The inspectors reviewed and evaluated the adequacy of the licensees contingency plan prior to the end of the unions contract to determine if:
- The required minimum number of qualified personnel would be available for the proper operation, security, and safety of the facility;
- Reactor operation and facility security would be maintained as required; and
- The plan compiled with the requirements in TS and the Code of Federal Regulations.
The inspectors reviewed and determined:
- the adequacy of the licensees strike/lockout contingency plans and whether those plans have been reviewed by the facilitys safety review committees or appropriate managers;
- the adequacy of the licensees safeguards contingency plan;
- that the licensees contingency plan would meet the requirements for minimum onsite shift staffing of the facility and verified that the licensee had scheduled covered workers such that the work hours conform to the requirements specified in 10 CFR 26.205;
- that the licensees contingency plan would meet regulatory requirements in the following areas: plant management, operations, maintenance, security, chemistry and radiation protection, surveillance and calibrations, and administrative controls;
- that licensed personnel who would be performing licensed activities are qualified, per 10 CFR 55.53(e) and (f);
- that the licensee had properly trained or would have trained prior to shift assignment, non-licensed personnel who would be performing functions to which they are not normally assigned;
- through observation and discussion with each of the following plant personnel that they understood their function under the modified staffing plan: plant management, senior reactor operators, reactor operators, maintenance, health physics, security supervision, and other personnel responsible for operational or safety functions;
- the effectiveness of site security;
- that support from local agencies would be adequate to ensure: unimpeded access of personnel to the plant; unencumbered delivery of support goods to the site and unencumbered offsite shipment of radioactive materials; mitigation of any possible threat to the site, including abusive or violent strikers; unimpeded access of medical care and ambulance services to treat injured or contaminated persons; and unimpeded access of the local fire department to supplement the site fire-fighting unit;
- that the site staffing would be sufficient and qualified to implement the site emergency plan; and
- that the emergency communication equipment and the Emergency Notification System would be available and operable.
The inspectors met with the site employee concerns program (ECP) coordinator and determined that contract negotiations have not had any adverse impact on the safety conscious work environment at the site.
As of June 30, 2017, negotiations were ongoing between the licensee and the union.
The inspectors determined that the licensee had maintained an adequate strike/lockout contingency plan and the inspectors will continue to monitor that plan.
b.

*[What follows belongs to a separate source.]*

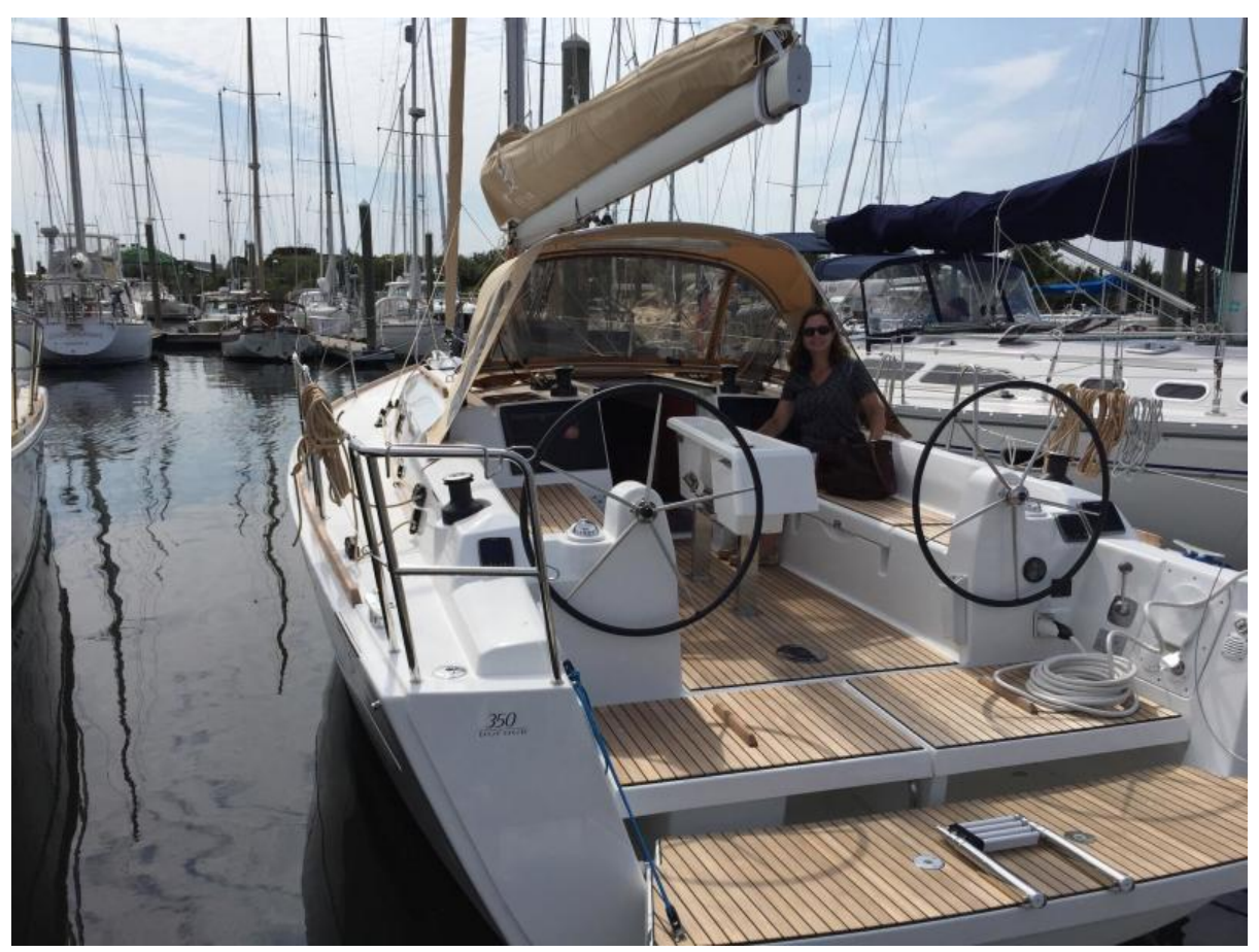
Twin Helm 2017 Dufour 350 GL Cockpit, offered for sale by central agent Northstar Yacht Sales

Findings
No findings were identified.
4OA6 Management Meetings
.1 Exit Meeting Summary
On July 12, 2017, the inspectors presented the inspection results to Mr. F. Payne, and other members of the licensee staff. The licensee acknowledged the issues presented.
The inspectors confirmed that none of the potential report input discussed was considered proprietary.
.2 Interim Exit Meetings
Interim exits were conducted for:
- The inspection results for the Radiation Safety Program review with Mr. F. Payne, Plant General Manager on April 28, 2017;
- The inspection results for the Radiation Safety Program review with Mr. F. Payne, Plant General Manager, on June 9, 2017; and
- The results of the Emergency Preparedness Program inspection with Mr. D. Hamilton, Site Vice President, on June 22, 2017.
The inspectors confirmed that none of the potential report input discussed was considered proprietary. Proprietary material received during the inspection was returned to the licensee.
ATTACHMENT:
SUPPLEMENTAL INFORMATION
KEY POINTS OF CONTACT
Licensee
- D. Hamilton, Site Vice President
- F. Payne, Plant Manager
- D. Saltz, Performance Improvement Director
- D. Reeves, Site Engineering Director
- B. Blair, Operations Manager
- K. Clark, Maintenance Manager
- N. Conicella, Regulatory Compliance Manager
- L. Zerr, Regulatory Compliance Supervisor
- T. Kledzik, Regulatory Compliance
- T. McGowan, FIN Supervisor
- J. Paine, Engineering Supervisor
- D. Lieb, Technical Services Supervisor
- R. OConnor, Emergency Preparedness Manager
- L. Schlaugh, Nuclear Specialist
- D. Magda, Radwaste Shipping Supervisor
- S. Lee, Health Physicist
U.S. Nuclear Regulatory Commission
- J. Cameron, Chief, Reactor Projects Branch 4
LIST OF ITEMS OPENED, CLOSED, AND DISCUSSED
Opened
- 05000440/2017002-01 SLIV- Failure to Notify the NRC within Eight Hours of a NCV Non-Emergency Event that Could Have Prevented the Fulfillment of Multiple Safety Functions
Closed
- 05000440/2017-001-00 LER Implementation of Enforcement Guidance Memorandum 11-003, Revision 3
- 05000440/2016-001-01 LER Pressure Boundary Leakage, Level 8 Automatic SCRAM, and APRM Loss of Function
- 05000440/2016-004-00 LER Loss of Safety Function due to Two Inoperable Standby Liquid Control
- 05000440/2017002-01 SLIV- Failure to Notify the NRC within Eight Hours of a NCV Non-Emergency Event that Could Have Prevented the Fulfillment of Multiple Safety Functions
Discussed
None.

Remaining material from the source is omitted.